My question is why do we think this way, and why must we believe that all of this is true? Psychologists would say we have a cognitive and motivational need to differentiate ourselves from other species, other cultures, and other people, to consider ourselves special and superior. This differentiation gives us our unique identity. If we did not in some way satisfy this need, we would likely become uneasy, upset, disturbed, anxious, depressed, mad. We could not live comfortably without thinking this way.

Your thoughts on the matter?
 
Most of us believe we humans and our planet are the center of the universe. Our thinking is not so different in this sense from that of the Church in Galileo’s day, which believed the sun revolves around the earth. We may not believe the latter anymore, but we still believe we are morally the center of the universe. After all, how could it be otherwise? G-d Incarnate in the Person of Jesus came to earth, and nowhere else. G-d’s Law was given to Moses on earth, and nowhere else. Our human lives are more important than the lives of all other, non-human animals. Doesn’t the (human) Bible tell us so? Moreover, our own religion is more complete than any other. It alone is the truth, the whole truth, and nothing but the truth. We evaluate other cultures in comparison to our own, which we generally prefer.

My question is why do we think this way, and why must we believe that all of this is true? Psychologists would say we have a cognitive and motivational need to differentiate ourselves from other species, other cultures, and other people, to consider ourselves special and superior.
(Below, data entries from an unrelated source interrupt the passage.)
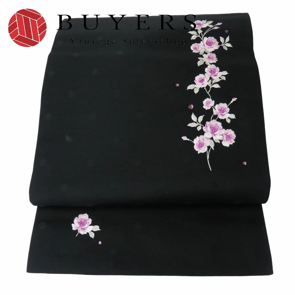 | 品名 | 【中古】 袋帯 京袋帯 ポリエステル ブラック 花柄 お洒落 レディース 女性 |
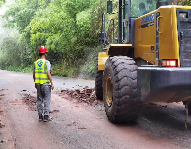 災情發(fā)生后,交建路橋公司省道104改建工程項目部應(yīng)望魚鎮(zhèn)抗洪搶險應(yīng)急指揮部要求,立即啟動抗洪搶險應(yīng)急預案,由20余名現(xiàn)場施工人員組成的搶險隊伍兵分三路,投入挖機2臺、裝載機2臺、水車1臺、皮卡車2輛,圓滿完成雅趙路多處塌方和曹萬村、嫣溪溝村等村道泥石流及邊坡坍塌土石方清理工作,及時恢復道路交通,受到當?shù)攸h委政府和村民一致好評。
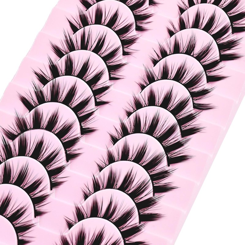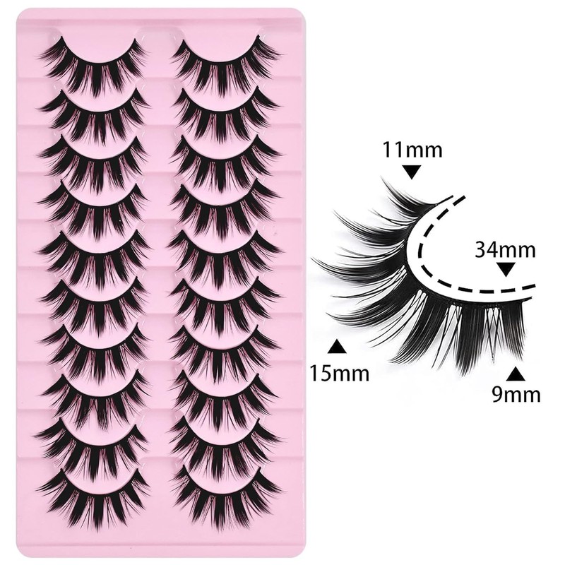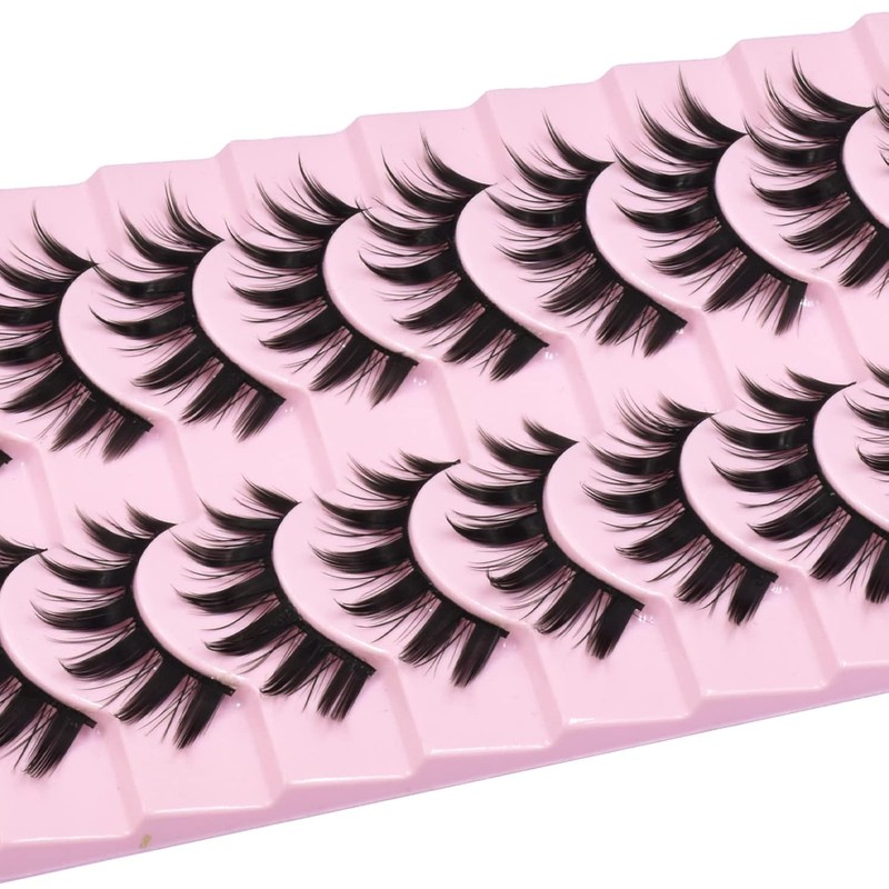12mm Manga Natural Look False Eyelashes, Easy to Apply Doll Makeup 10 Pairs (01)

This differentiation gives us our unique identity. If we did not in some way satisfy this need, we would likely become uneasy, upset, disturbed, anxious, depressed, mad. We could not live comfortably without thinking this way.
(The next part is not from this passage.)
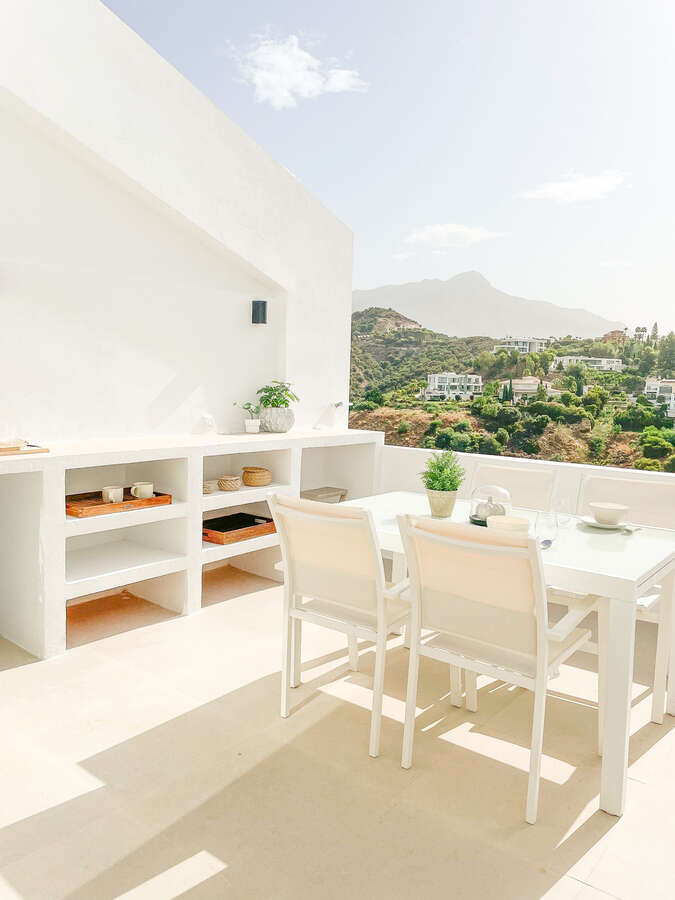The terrace has a dining table, plenty of storage, and a bathroom. It also gets morning and midday light. The sun will be shining all day long as you go onto the roof terrace, so why not take advantage of the outdoor shower or the raised sun deck to cool off? Evenings can be spent either by the barbecue/outdoor kitchen area or in front of the custom fire table.

Your thoughts on the matter?
I respectfully disagree: God is at the center of the universe. Always has been and always will be. The sin of pride allows humans to believe everything God has done is done because He owes us something. His Covenant with us was established by God, not by man. We cannot change His Covenant; only God can change the Covenant as only God can make it. We have all these things only because of God’s love.

So, to answer your question: “why do we think this way?” because we are sinful and fall into pride. If we can give up ourselves to God, we have no pride and will live to honor God. That’s the kingdom of God. God Bless you. 👍
 
We only know as much as God has told us though Sacred Scripture, Tradition and our own God given reason. I don’t see why ours has to be the only world. Perhaps there are other flocks. Just like children, God has told us what we need to know for our own salvation and to complete our own lives. I don’t think it’s wise to pretend to know everything that He has done or will do.
 
Conjecture about space aliens and the like is useless until we have hard evidence for them.

As to “nonhuman animals,” it is only natural for members in a species to value their own over another species; it would be antinatural not to.

The fact that human life alone is capable of behaving altruistically toward other species should in itself be a strong suggestion that human life occupies a privileged position in the order of earth-based life.

That said, for Christians or that matter Jews, human life is **not **the center of being, rather God is!

ICXC NIKA
 
I recommend reading CS Lewis’ The Space Trilogy (Out of the Silent Planet, Perelandra, That Hideous Strength). Though allegorical fiction, it presents interesting arguments about this exact topic and the possibility of other rational beings created by God outside of Earth. Obviously written before the moon landing, but the concept remains the same.
 
Conjecture about space aliens and the like is useless until we have hard evidence for them.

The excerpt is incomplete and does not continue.